A face looked back at him. It was dirty, wet, thin and covered by a day’s old growth of beard. It was the face of a street person, a hobo, somebody from the lower depths, a miner in the dark of the earth.
The eyes looking back at him gleamed darkly, very darkly, in the yellow candlelight. In fact, they were as black as coals, his eyes, just like those of the kids around him, and his son.
His soul seemed to fill the air of the tent, to mingle with their souls, and it was like picking up a song you’d known always, and singing again.
Martin understood, now, what had been done to him—the same thing that had happened to these kids when the light tried and failed to take him.
Something was gone, though. It had certainly taken something. Not his essence. He was still Martin Winters. He felt lighter, though, and far more in touch with the world—not the world of streets and companies and archaeological digs, however. Rather this world of the here and now. The rain, the trees, the kids in the tent.
He was alive, Martin was, more alive than he had ever been before.
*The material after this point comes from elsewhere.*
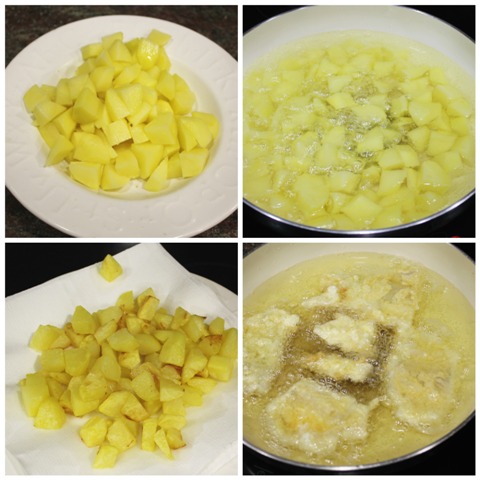 Ponemos abundante aceite en una sartén (yo para freír utilizo aceite de girasol pues deja menos sabor, pero no lo reutilizo). El aceite estará muy caliente a una temperatura media-alta y las tendremos hasta que estén un poquito doradas y bien hechas por dentro. Las dejamos en un plato en el que previamente habremos puesto papel de cocina para que absorba el exceso de aceite.

They hadn’t discarded him, not at all. Rather, they had done to him what natural human societies had always done to their shamen and their priests, their healers. They had made him face death, and so come free.
That was the difference. The kids in this tent had not been captured by the light, but rather made free by its failure to capture them.
Martin was free, too. Trevor was smiling at him. His son’s face was soaked with tears. It had been a near thing out there. It had been real. He might not have made it.
“Thank you,” he said to them all, and to his son. Trevor came to him, and leaned against him, and instantly the exhausted boy was asleep in his father’s arms. Martin slept, too, and the lives of the kids swept on, racing toward the destiny that awaited them, now, in just a matter of hours, that would bring them new life, or extinguish forever these last few sparks of the human soul.